While I may not have had the advantage of supportive PhD supervisors that so many of my peers have benefitted from (nor indeed, did I get any support from my department), I have at least been able to take some matters into my own hands and carve out a place for myself as a Lecturer working in the Lancaster University Management School (LUMS).
While I certainly enjoy some elements of the work, it frustrates me immensely that my ‘other’ work here is not really valued at all. While I have made some inroads into some significant publications in fields relating to my central interests, my current employer does not value publications that are not listed on the ABS journal list.
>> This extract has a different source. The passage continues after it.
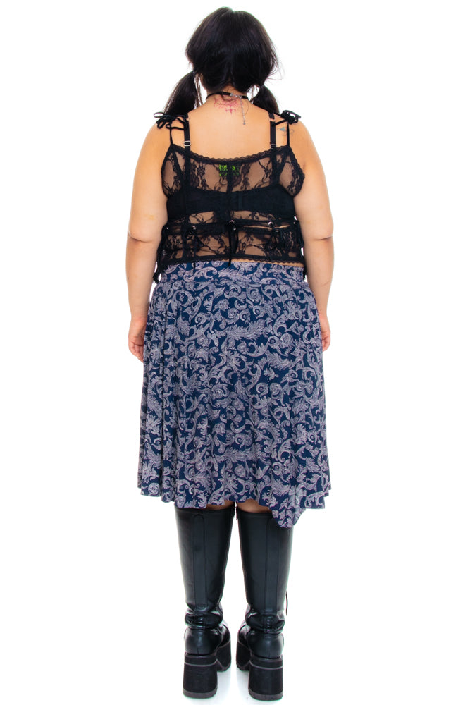 Vintage 90's skirt at knee length in blue with white paisley print allover!

So… the long and the short of it is I find myself in a weird sort of academic limbo.
- I teach marketing and I am very good at it. I have won university-level teaching awards and my teaching scores are exceptional.
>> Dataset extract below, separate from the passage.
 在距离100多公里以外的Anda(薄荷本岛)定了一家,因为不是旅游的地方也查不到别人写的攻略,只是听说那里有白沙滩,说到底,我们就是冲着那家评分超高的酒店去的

- I enjoy being an academic and doing ‘academic things’. However, I do not have the freedom to research and write the things I always want to.
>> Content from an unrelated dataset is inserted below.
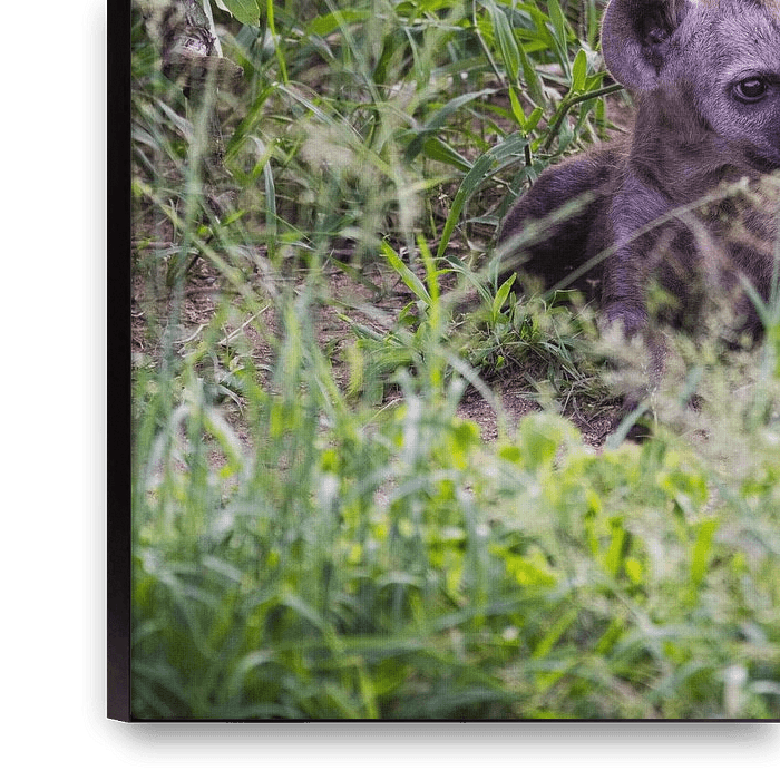 Inmitten des hohen Grases, gleich außerhalb des Schattens eines alten Baumes, liegt eine neugierige kleine Hyäne. Seine kleinen Augen funkeln vor Staunen, während er die Welt um sich herum beobachtet. Er ist noch jung, aber in seinem Herzen ist er bereits ein echter Entdecker.

- I therefore find myself publishing across several different disciplines. These include literary studies, consumer culture, marketing, work-based learning and reflective practice. I am also in the process of writing a book about Advertising. Most of these publications do not ‘count’ towards my career progression within LUMS, and I find that many of my colleagues look down on the work that I do as somehow not relevant. This leaves me with a constant feeling of being undervalued and not respected within my institution – despite the fact that my literary studies publications alone surpass my (other) PhD supervisor’s own output in the years since I have been at Lancaster (!)
Looking ahead
Academia is not the place it once was. When I gave up my professional job in 2016 to pursue a career in academia, I had hoped things might be a little better than they are currently. Working in a management school in particular, we are overwhelmed with too much internal competition, too many ridiculous targets, and too little collegiality. Add to these challenges the declining standard of students, endless bureaucracy and an uncertain future for the HE sector in general here in the UK.
As I think back to my Masters and all that has happened since, I often feel quite sad – as if maybe I peaked ten years ago writing something that most people don’t value, and very few people understand.
But there is still a glimmer of hope… I have a book on the horizon and I am hoping I might be able to turn part of my thesis into a book also. I will also continue with my many consultancy projects, school outreach, and other engagement activities as a way of keeping in touch with the ‘real world’. Though these things may not be valued from a career perspective, they are really important to me, and are one of the genuine highlights of my current job role. If my Masters degree taught me anything, it is that I am nothing if not resilient.
[1] There weren’t PG loans back in those days
[2] In fairness, the Queer Theory module with Prof. William Spurlin was really interesting, and William is such a nice man. He even took me and my fellow student out for dinner to celebrate after the module was complete!